Nie pamiętam takiej Wielkanocy. Nie warto było choinki rozbierać. Śnieżyca jak diabli.
* * *
Rodzinne śniadanko wielkanocne już z głowy. Nawpieprzałem się jak idiota i czuję się jak rozdęty balon. Tylko co innego można robić w trakcie nasiadówy przy stole, kiedy jest się w dodatku najmłodszym z całego towarzystwa?
Dialogi rodzeństwa - siostra (84 lata) i brat (81 lat).
W przedpokoju.
S : -Od niedawna mam problemy z pamięcią. Wyraźnie zaczyna mi szwankować.
B : -Nic się nie przejmuj! Doskonale się trzymasz i świetnie wyglądasz!
S : -Ty to jakiś durny jesteś - mi myślenie wysiada, to co ma do tego wygląd?!
Sporo później, przy stole.
B : -Słuchaj, co ja ci chcę opowiedzieć...

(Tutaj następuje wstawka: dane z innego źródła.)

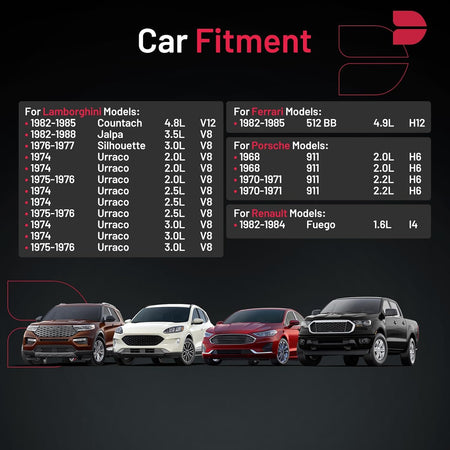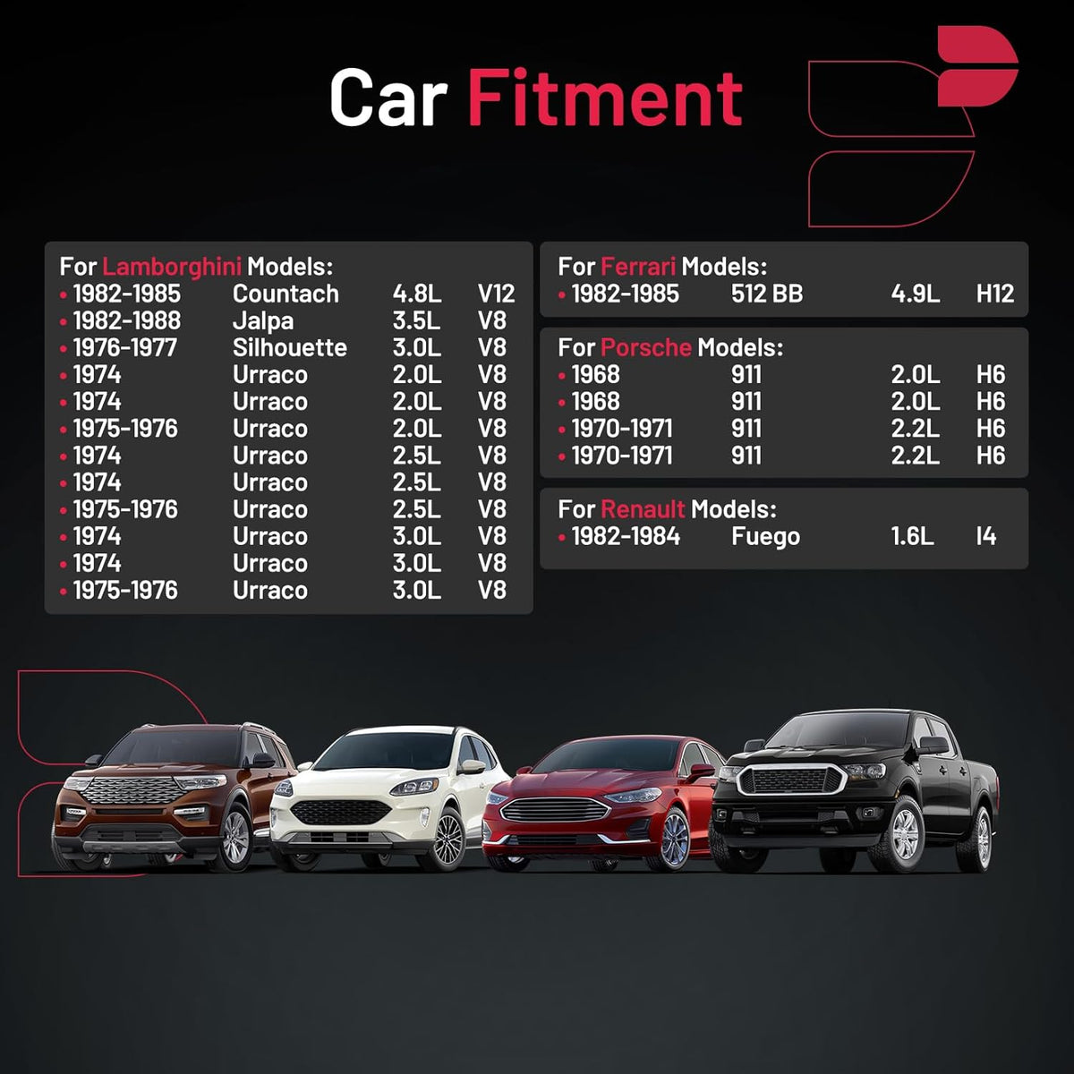 【Compatibility Information】:Spark Plug 5044 Compatible with Ferrari 1982-1985 512 BB; Compatible with Lamborghini 1982-1985 Countach, 1982-1988 Jalpa, 1976-1977 Silhouette, 1974-1976 Urraco; Compatible with Porsche 1968 911, 1970-1971 911; Compatible with Renault 1982-1984 Fuego.Please see images or details page for complete Compatibility information
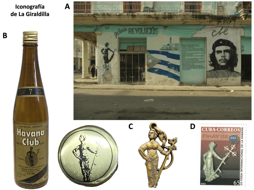 Iconografía de La Giraldilla de La Habana. (A) Botella de ron Havana Club, 7 años añejo. Fundada en 1878. Destilado y embotellado por Combinado de Bebidas Santa Cruz, Santa Cruz del Norte, La Habana, Cuba. (B) Foto de calle de La Habana. (C) Llavero de metal, Giraldilla de La Habana. (D) Sello postal. XX Feria Internacional de La Habana, FIHAV’02, 2002, 65 centavos.
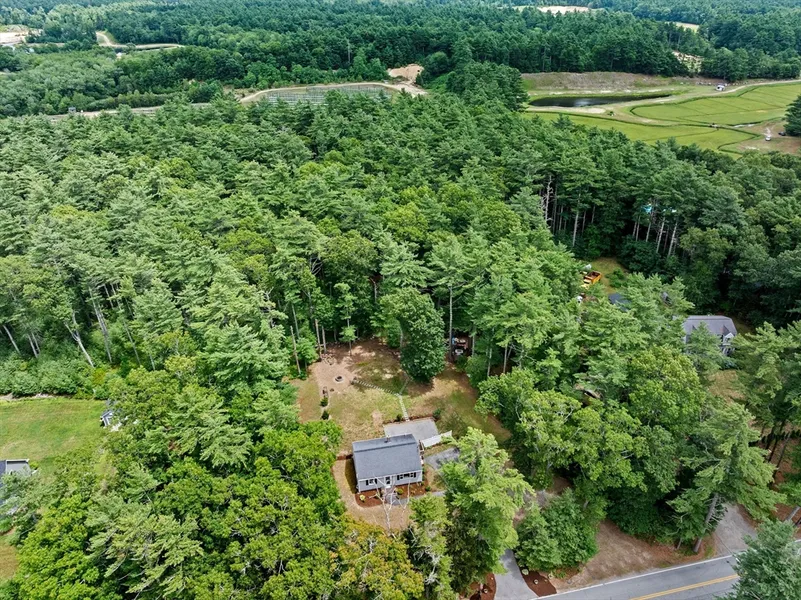 Easy living awaits at this meticulously maintained Ranch, nestled among acres of lush tree-lined land, surrounded by a private, grassy, level lot. Inside, the open concept style lives larger than life, featuring the beautifully updated kitchen w/granite counters, SS appliances, & antique white cabinets, which opens to the spacious living room. Two good-sized bedrooms, one beautifully styled with a shiplap accent wall, & the sunlit full bath completes the first floor. The partially finished lower-level offers a versatile living space w/ electric baseboard heat, perhaps an office, 2nd living room, hobbyist area, imagine the possibilities! There's no shortage of storage space throughout the rest of the basement. Welcome cozy gatherings on the 19x30 stone patio & firepit, perfect for entertaining! This turn-key home is move-in ready with major renovations in 2014, including all vinyl windows, roof, insulated doors, exterior walls insulated, septic, & water heater in 2023. A must see!
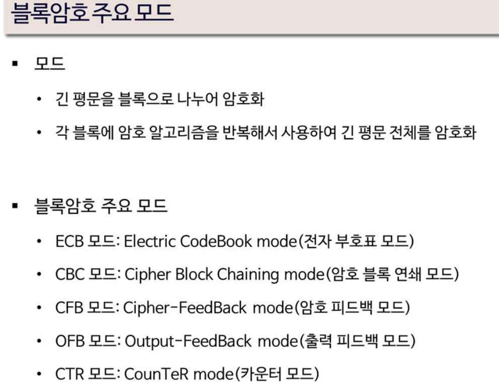 ํ์ด๋ธ๋ฆฌ๋ ์ํธ ์์คํ ์์ ๋ฉ์์ง๋ฅผ ์/๋ณตํธํ ํ ๋ ๋์นญํค ์ํธ๊ฐ ๋ง์ด ์ฌ์ฉ๋๋ค. ๋์นญ ํค ์ํธ ๋ฐฉ์์ผ๋ก๋ ๋ธ๋ก ์ํธ์ ์คํธ๋ฆผ ์ํธ๊ฐ ์กด์ฌํ๋ค. ํ๋์๋ ๋ธ๋ก ์ํธ๊ฐ ๋ง์ด ์ฌ์ฉ๋๊ณ ์์ผ๋ฉฐ ๊ธด ๋นํธ์ ๋ฉ์์ง๋ฅผ ์ํธํ ์ฒ๋ฆฌ ํ๊ธฐ ์ํด์ ๋ธ๋ก์ํธ ๋ชจ๋ ๋ฐฉ์์ด ํ์ํ๋ค.
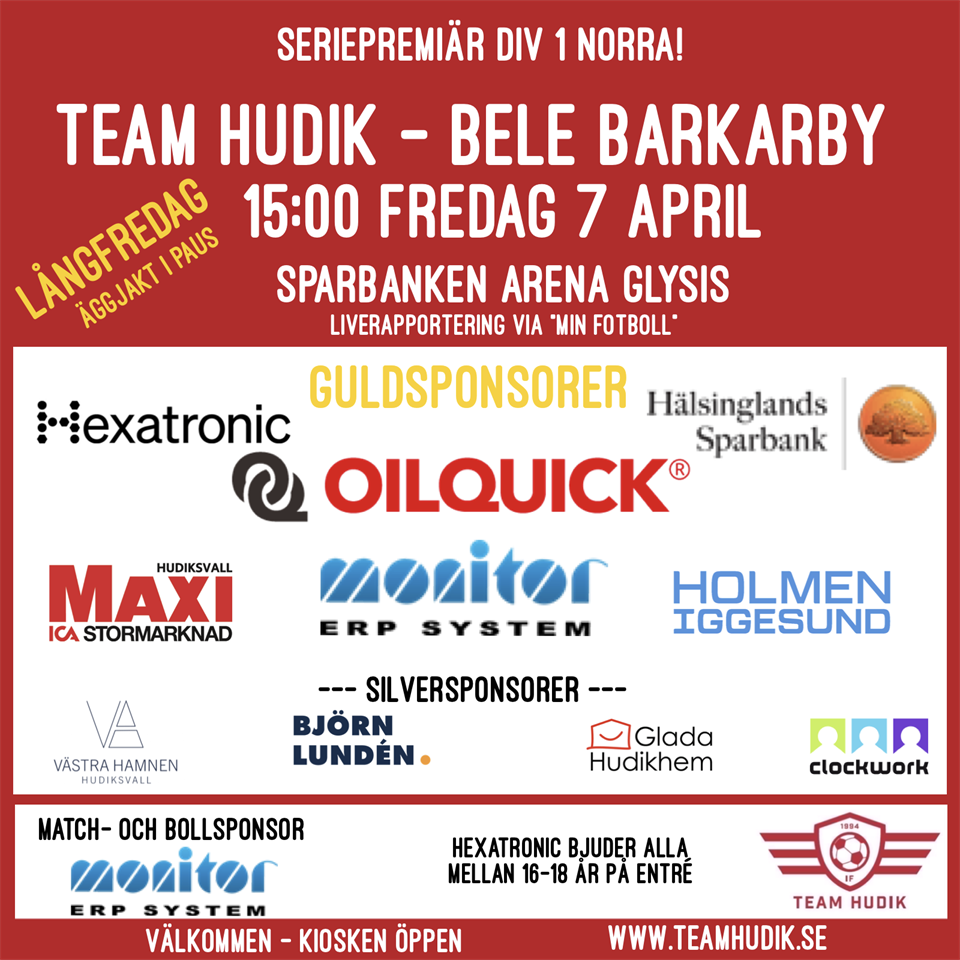 Välkommen till Sparbanken Arena på fredag kl.15:00. Då sparkar vi igång säsongen och möter Bele Barkarby FF i premiärmatchen Match och bollsponsor är Monitor Erp System som kommer utse matchens lirare i båda lagen. Hexatronic bjuder alla upp till 18 år på fri entré. Kiosken serverar kaffe, te/ kaka, korv m bröd, toast och godsaker. Där kan du även köpa Årskort till våra hemma matcher. I halvlek har du dessutom chansen att VINNA ett Årskort. Då kör vi Åggjakt för publiken- påskhelgen och premiären till ära. 5 påskägg ska hittas. Mer info om det får du på plats. Så- kom till Glysis och stötta vårt damlag, ta en fika och hitta DITT påskägg. Vi ses! Du kan även följa matchen via MIn Fotboll, om du inte har möjlighet att vara på plats. F13/2013 5 apr 2023 0kommentarer
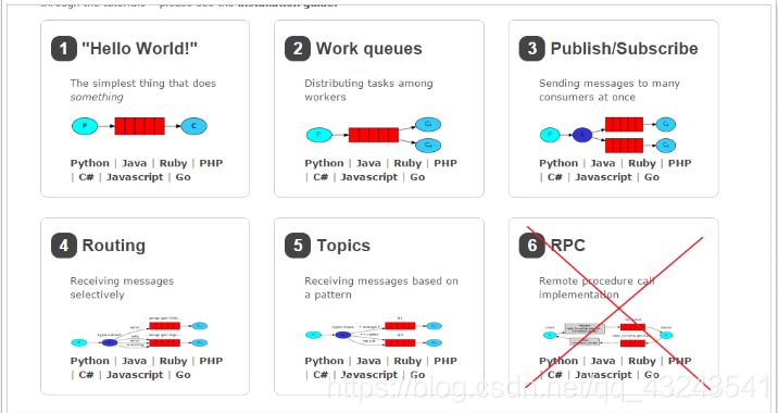 官方教程:http://www.rabbitmq.com/getstarted.html
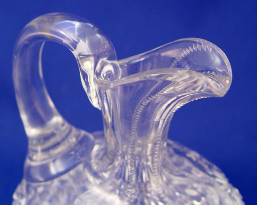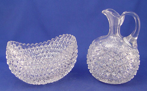 AMERICAN BRILLIANT CUT GLASS BOWL AND EWER: Hobnail cut bowl, 4 1/4''h. x 7 1/4'' long. The ewer is cut in a variation of the Russian pattern, 8''h.
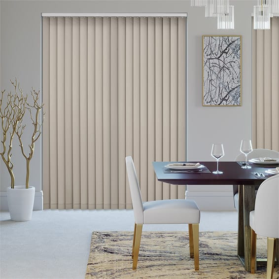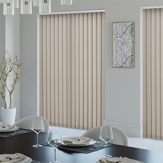 The Utopia Wheat vertical blind is a sophisticated and very popular colour. Similar to taupe, sitting somewhere between neutral and grey, it’s a lovely colour that looks good all over the home.
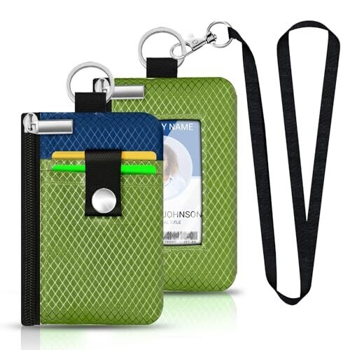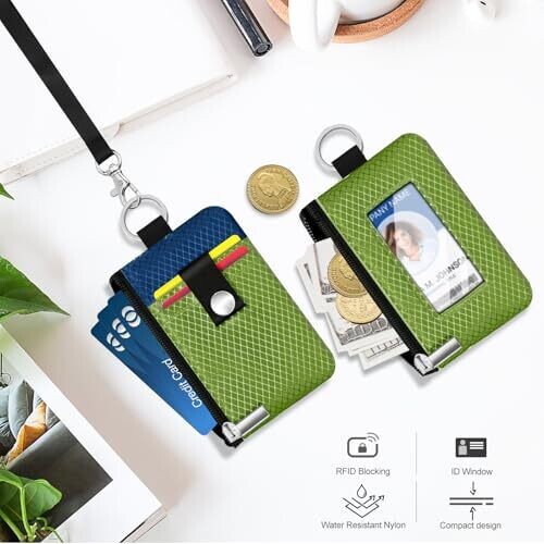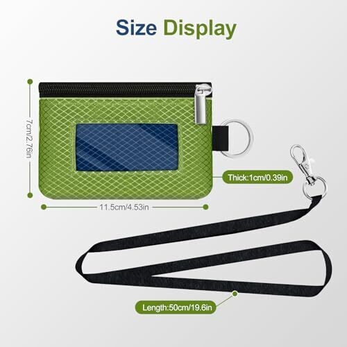 Dual-layer RFID protection with front and back pockets for cards and IDs. The back pocket holds up to 8 cards and includes a clear ID window. Construction uses durable 410D nylon with a water-resistant coating, sturdy zippers, and a soft polyester lining. Overall dimensions are 4.75 inches by 3.12 inches by 0.5 inches, with a weight of 60 grams. Includes an 18.25 inch lanyard for hands-free use. Unisex design suitable for both men and women.
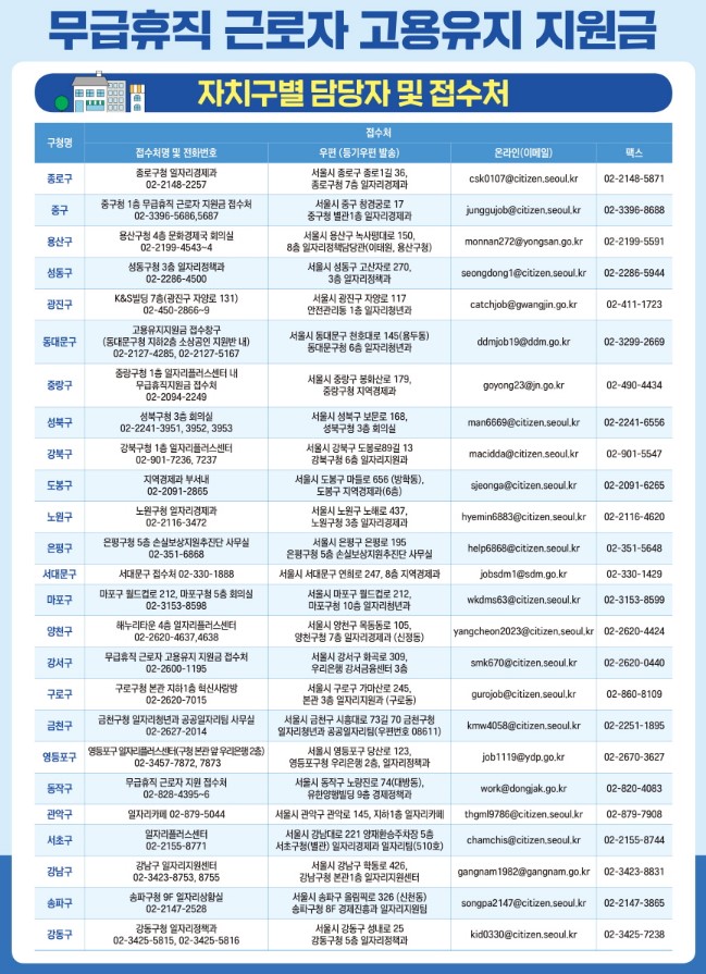 - 접수 신청 : 사업주 및 무급 휴직 근로자
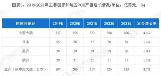 據(jù)Prismark預測,未來5年亞洲將繼續(xù)主導全球PCB市場的發(fā)展,而中國的核心地位更加穩(wěn)固,中國大陸地區(qū)PCB行業(yè)將保持4.4%的復合增長率,至2023年行業(yè)總產(chǎn)值將達到405.56億美元。在PCB公司"大型化、集中化"趨勢下,已較早確立領(lǐng)先優(yōu)勢的大型PCB公司將在未來全球市場競爭中取得較大優(yōu)勢。
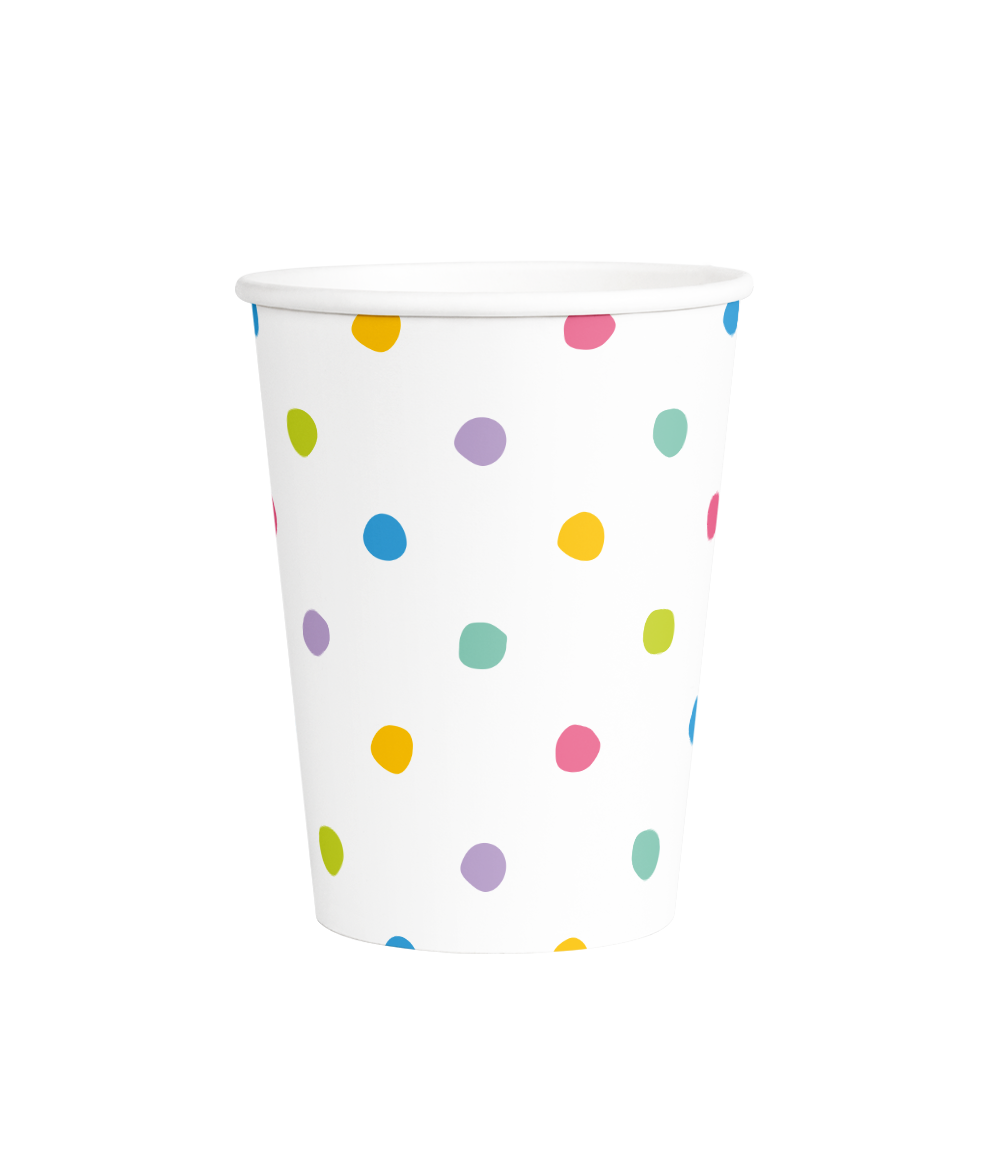 Die Becher - Party dots machen jeden Partytisch fröhlich und bunt! Perfekt für Limonade, Limonaden oder andere Partygetränke. Dank des frischen Punktedrucks sind sie sowohl für Kinderpartys als auch für gemütliche Geburtstage ideal.

S : -Ja z tobą nie rozmawiam, bo ty mi jakieś pierdoły wygadujesz!
* * *
Smętne refleksje dzielone ze Schwester w drodze powrotnej. Oboje jesteśmy zdegustowani zachowaniem naszej matki. Wygląda to tak, jakby w miarę upływu czasu ojciec przyklapnął i złagodniał (a właściwie, jeśli przypomnieć sobie jego najlepsze zachowania, to stał się niemal aniołem), za to matka rozwinęła skrzydła nie potrzebując się już ograniczać i krępować. Oblicze jakie przy tym ukazuje napawa nas smutkiem i rozczarowaniem.